PROMPT
Look through the entries below and extract exactly the lines from the one containing "Bản tin tài" through the one containing "太平洋证券:金融去杠杆系列报告之保险篇:潮起潮落,叶归根.pdf", ends included.

SUPPLIED DATA
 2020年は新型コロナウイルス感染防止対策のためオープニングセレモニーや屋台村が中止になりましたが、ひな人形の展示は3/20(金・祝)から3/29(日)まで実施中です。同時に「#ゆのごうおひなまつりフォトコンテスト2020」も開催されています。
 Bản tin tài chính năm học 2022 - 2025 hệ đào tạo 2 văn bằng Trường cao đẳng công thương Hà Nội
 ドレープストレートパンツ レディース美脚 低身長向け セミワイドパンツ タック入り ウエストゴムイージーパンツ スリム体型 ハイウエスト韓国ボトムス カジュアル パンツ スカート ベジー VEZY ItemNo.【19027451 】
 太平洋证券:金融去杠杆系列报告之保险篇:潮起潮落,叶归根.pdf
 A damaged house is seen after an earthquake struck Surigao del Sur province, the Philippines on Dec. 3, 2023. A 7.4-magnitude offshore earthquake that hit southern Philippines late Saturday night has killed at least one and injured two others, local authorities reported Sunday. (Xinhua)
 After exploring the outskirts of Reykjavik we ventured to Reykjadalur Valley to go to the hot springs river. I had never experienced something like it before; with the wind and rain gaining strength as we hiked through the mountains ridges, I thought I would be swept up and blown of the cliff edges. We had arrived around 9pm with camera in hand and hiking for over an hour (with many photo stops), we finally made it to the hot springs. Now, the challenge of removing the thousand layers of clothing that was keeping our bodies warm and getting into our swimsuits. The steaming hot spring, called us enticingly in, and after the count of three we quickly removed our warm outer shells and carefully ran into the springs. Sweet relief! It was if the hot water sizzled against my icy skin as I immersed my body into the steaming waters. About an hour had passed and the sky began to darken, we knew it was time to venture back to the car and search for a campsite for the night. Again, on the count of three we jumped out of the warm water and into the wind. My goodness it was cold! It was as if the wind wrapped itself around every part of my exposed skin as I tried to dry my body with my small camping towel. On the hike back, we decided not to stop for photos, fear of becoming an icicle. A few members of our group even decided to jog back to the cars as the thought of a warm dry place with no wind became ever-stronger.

EXERCISE SOLUTION
 Bản tin tài chính năm học 2022 - 2025 hệ đào tạo 2 văn bằng Trường cao đẳng công thương Hà Nội
 ドレープストレートパンツ レディース美脚 低身長向け セミワイドパンツ タック入り ウエストゴムイージーパンツ スリム体型 ハイウエスト韓国ボトムス カジュアル パンツ スカート ベジー VEZY ItemNo.【19027451 】
 太平洋证券:金融去杠杆系列报告之保险篇:潮起潮落,叶归根.pdf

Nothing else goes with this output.